I find it odd how this has an operational definition being exclusive to
data and analyses that do not agree with you.

>
> It is best when the experimentalists operate somewhat independently
> from the theoreticians, who have a "stake" in the outcome. All I ask
> is that the test be fair and unbiased and done following the caveats I
> have identified.

Done repeatedly. I am bored of including the links.

You've identified the core issue though! You have a stake in this. A
huge emotional stake spanning decades. That's why you can't accept that
your numerology has been falsified.

>
> To repeat those caveats one more time: all system components must be
> included in the total mass,

Unless one of the components obeys your numerology. We've seen that
distinction made a few times by you.

> dynamical mass determinations are highly
> desired

Unless the result agrees with you.

>, +/- 0.01 solar mass resolution is desired but there is some
> flexibility here,

Of course. According to you, systems that agree with you with the error
bars being six or more times larger are acceptable.

Systems with error bars of 0.01 M_sun or smaller, which disagree with
you, of course are just too imprecise.

You just posted an example that flies in the face of your idiotic
demands.

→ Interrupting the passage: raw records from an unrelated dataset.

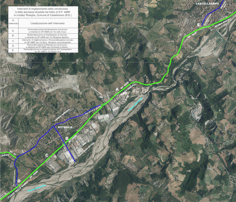 Nell’immagine allegata e’ indicata con la lettera E la posizione prevista per la nuova rotatoria.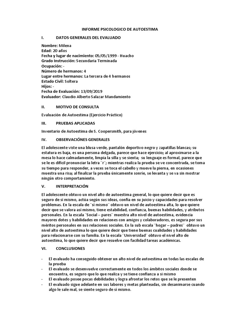 INFORME PSICOLOGICO DE AUTOESTIMA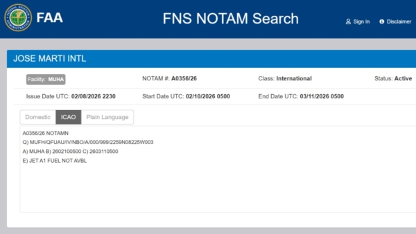 古巴的航行通告表明,這不再是古巴政府的口頭警告。該通告是全球航空警報系統的一部分,用於向機組人員和航空公司通報相關的營運狀況。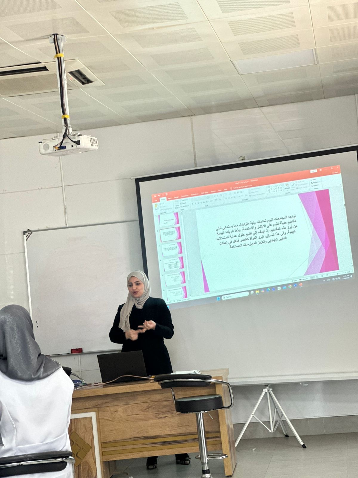 The workshop was presented by Ms. Maysam Waleed, who addressed key topics concerning the application of environmental quality standards and their impact on building a conscious and sustainable society.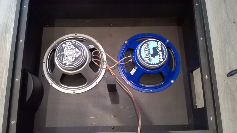 Lassé du rendu des V30 dans le 2x12 oversized (je joue sur une tête 65amps Producer et plus récemment sur une Orange CS50), j'ai décidé de passer sur des HP Weber.

A measurement error of 0.06 M_sun and whose mass was
spectroscopically determined. But since it agrees with you, you allow
it.

Don't you see how ridiculous you look when you do that stuff?

> systems should be analysed individually with the
> best available methods.

Unless that analysis uses elementary statistics. Then it is highly
suspect.

> Finally, I am very wary of statistical
> methods used to circumvent these caveats.

Why? The methods are published, well documented, taught in experimental
physics courses, and all over the internet for you to ignore at your
leisure.

Funny how the only 'statistical method' you accept is percentage
agreement.

> The only convincing tests
> for me are ones that are the most direct, and the least dependent on
> any assumptions.

What convinces you is largely irrelevant. You are already a believer in
the numerology.

What matters is whether you can convince others. The scientific
community learned to use statistical analysis years ago. Why don't you
just learn the methods rather than complaining over and over?

[eric gisse]

"Robert L. Oldershaw" <rlold...@amherst.edu> wrote in

news:mt2.0-26667...@hydra.herts.ac.uk:

Why don't you just come out and say you'll refuse to consider data that
does not agree with you? My analysis was objective. I never cherry
picked data. I even used the stupidly burdensome requirement that the
masses be known to 1% / 0.01 M_sun or better, and your theory was still
falsified with available data.

You don't even apply the same "selection criteria" to your own data so
why should anyone else?

Besides, you've had the exoplanet.eu data for awhile. Are you trying to
analyze it or what?

>
> Can you find data published or posted to arxiv.org during the 9/7 to
> 9/28 period that meet the required sensitivity and that support your
> assumptions and falsify my prediction?

This is a stupid requirement that is specifically crafted to exclude
years and years of data that destroys your theory.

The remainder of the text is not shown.